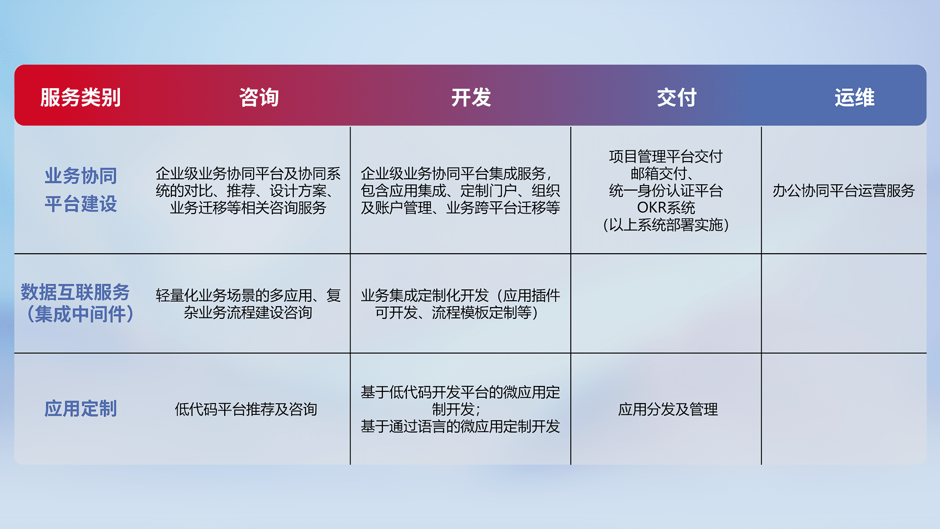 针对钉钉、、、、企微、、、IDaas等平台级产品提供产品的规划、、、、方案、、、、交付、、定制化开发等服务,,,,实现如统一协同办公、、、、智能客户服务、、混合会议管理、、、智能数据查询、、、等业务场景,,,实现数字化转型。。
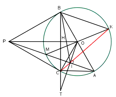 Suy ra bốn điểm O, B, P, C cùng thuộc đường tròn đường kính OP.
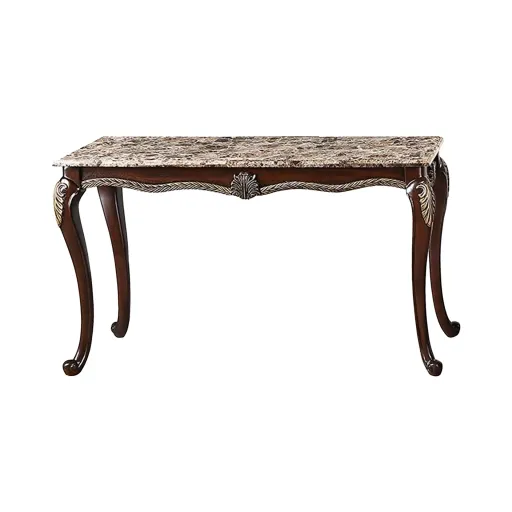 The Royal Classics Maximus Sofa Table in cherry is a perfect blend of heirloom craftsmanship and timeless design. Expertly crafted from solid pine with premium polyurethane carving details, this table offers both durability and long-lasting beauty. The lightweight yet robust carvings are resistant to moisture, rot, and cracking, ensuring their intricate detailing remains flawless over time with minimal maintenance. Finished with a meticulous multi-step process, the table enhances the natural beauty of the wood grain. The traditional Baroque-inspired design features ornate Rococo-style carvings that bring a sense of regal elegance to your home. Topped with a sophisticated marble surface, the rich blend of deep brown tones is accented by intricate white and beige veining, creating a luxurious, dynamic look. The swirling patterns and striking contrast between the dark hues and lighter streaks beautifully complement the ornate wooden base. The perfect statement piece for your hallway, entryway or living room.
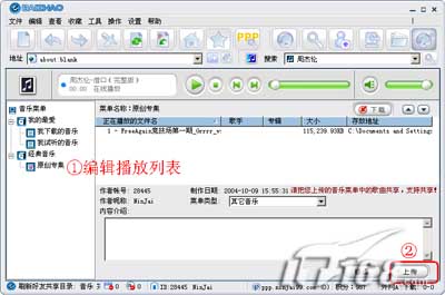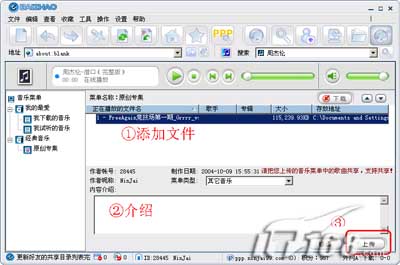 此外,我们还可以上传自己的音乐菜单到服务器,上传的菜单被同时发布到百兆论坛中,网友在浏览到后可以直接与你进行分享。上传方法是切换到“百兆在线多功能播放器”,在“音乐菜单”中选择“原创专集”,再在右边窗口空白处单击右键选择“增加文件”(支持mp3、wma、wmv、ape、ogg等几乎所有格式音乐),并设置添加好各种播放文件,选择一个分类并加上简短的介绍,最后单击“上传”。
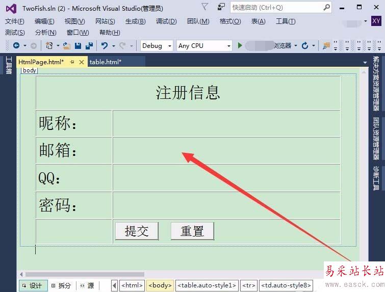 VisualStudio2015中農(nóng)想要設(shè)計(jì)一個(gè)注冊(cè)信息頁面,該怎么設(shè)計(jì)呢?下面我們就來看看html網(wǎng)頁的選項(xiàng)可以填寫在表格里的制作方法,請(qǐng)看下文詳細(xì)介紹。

==

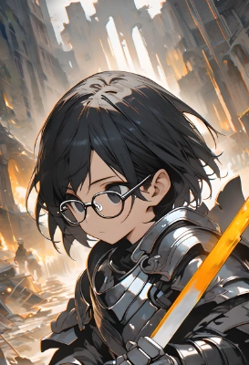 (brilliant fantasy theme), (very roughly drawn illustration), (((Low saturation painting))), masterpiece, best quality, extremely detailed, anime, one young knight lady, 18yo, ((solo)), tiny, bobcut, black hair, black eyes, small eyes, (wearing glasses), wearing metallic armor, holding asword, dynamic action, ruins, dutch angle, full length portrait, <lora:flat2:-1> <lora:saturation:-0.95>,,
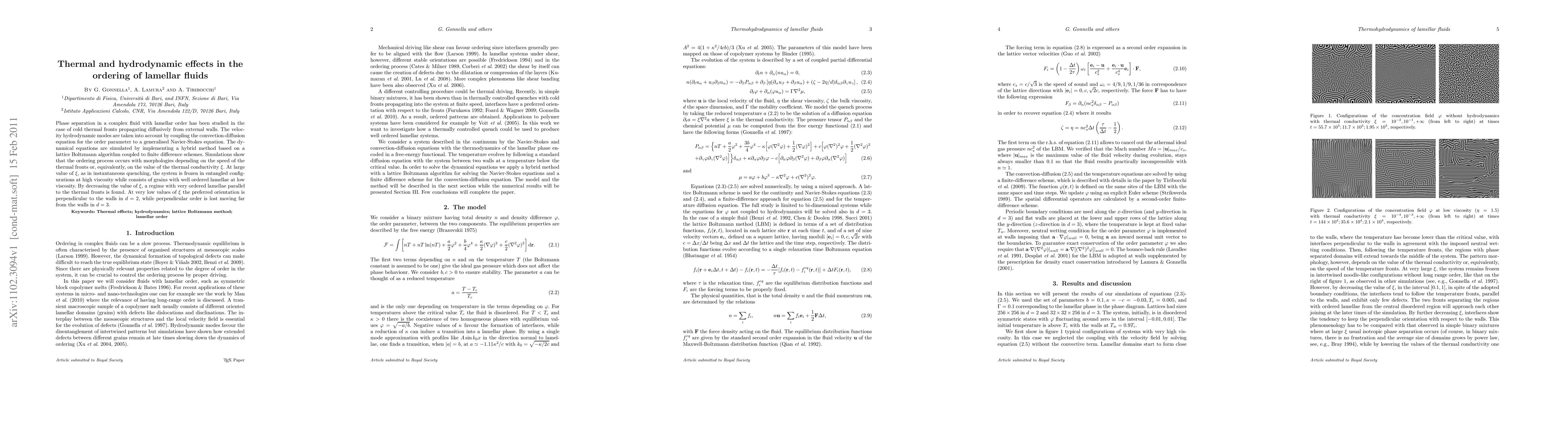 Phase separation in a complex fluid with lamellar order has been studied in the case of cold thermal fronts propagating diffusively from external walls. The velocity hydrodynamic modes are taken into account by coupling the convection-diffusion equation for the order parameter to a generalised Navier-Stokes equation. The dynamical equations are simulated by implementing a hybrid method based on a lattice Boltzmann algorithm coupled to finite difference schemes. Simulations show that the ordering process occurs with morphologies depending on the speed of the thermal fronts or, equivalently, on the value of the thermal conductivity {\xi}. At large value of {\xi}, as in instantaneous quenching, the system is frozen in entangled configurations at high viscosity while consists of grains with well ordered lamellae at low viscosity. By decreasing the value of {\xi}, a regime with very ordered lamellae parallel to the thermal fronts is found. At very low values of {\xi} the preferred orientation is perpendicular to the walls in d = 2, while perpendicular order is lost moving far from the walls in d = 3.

...

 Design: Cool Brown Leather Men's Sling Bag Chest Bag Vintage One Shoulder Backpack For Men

* _The problem_:
Only one part of the listing is wanted: the lines from the one containing "Suy ra bốn điểm" through the one containing "VisualStudio20", both included. Please transcribe it exactly, leaving out the pictures.

* _Task answer_:
 Suy ra bốn điểm O, B, P, C cùng thuộc đường tròn đường kính OP.
 The Royal Classics Maximus Sofa Table in cherry is a perfect blend of heirloom craftsmanship and timeless design. Expertly crafted from solid pine with premium polyurethane carving details, this table offers both durability and long-lasting beauty. The lightweight yet robust carvings are resistant to moisture, rot, and cracking, ensuring their intricate detailing remains flawless over time with minimal maintenance. Finished with a meticulous multi-step process, the table enhances the natural beauty of the wood grain. The traditional Baroque-inspired design features ornate Rococo-style carvings that bring a sense of regal elegance to your home. Topped with a sophisticated marble surface, the rich blend of deep brown tones is accented by intricate white and beige veining, creating a luxurious, dynamic look. The swirling patterns and striking contrast between the dark hues and lighter streaks beautifully complement the ornate wooden base. The perfect statement piece for your hallway, entryway or living room.
 此外,我们还可以上传自己的音乐菜单到服务器,上传的菜单被同时发布到百兆论坛中,网友在浏览到后可以直接与你进行分享。上传方法是切换到“百兆在线多功能播放器”,在“音乐菜单”中选择“原创专集”,再在右边窗口空白处单击右键选择“增加文件”(支持mp3、wma、wmv、ape、ogg等几乎所有格式音乐),并设置添加好各种播放文件,选择一个分类并加上简短的介绍,最后单击“上传”。
 VisualStudio2015中農(nóng)想要設(shè)計(jì)一個(gè)注冊(cè)信息頁面,該怎么設(shè)計(jì)呢?下面我們就來看看html網(wǎng)頁的選項(xiàng)可以填寫在表格里的制作方法,請(qǐng)看下文詳細(xì)介紹。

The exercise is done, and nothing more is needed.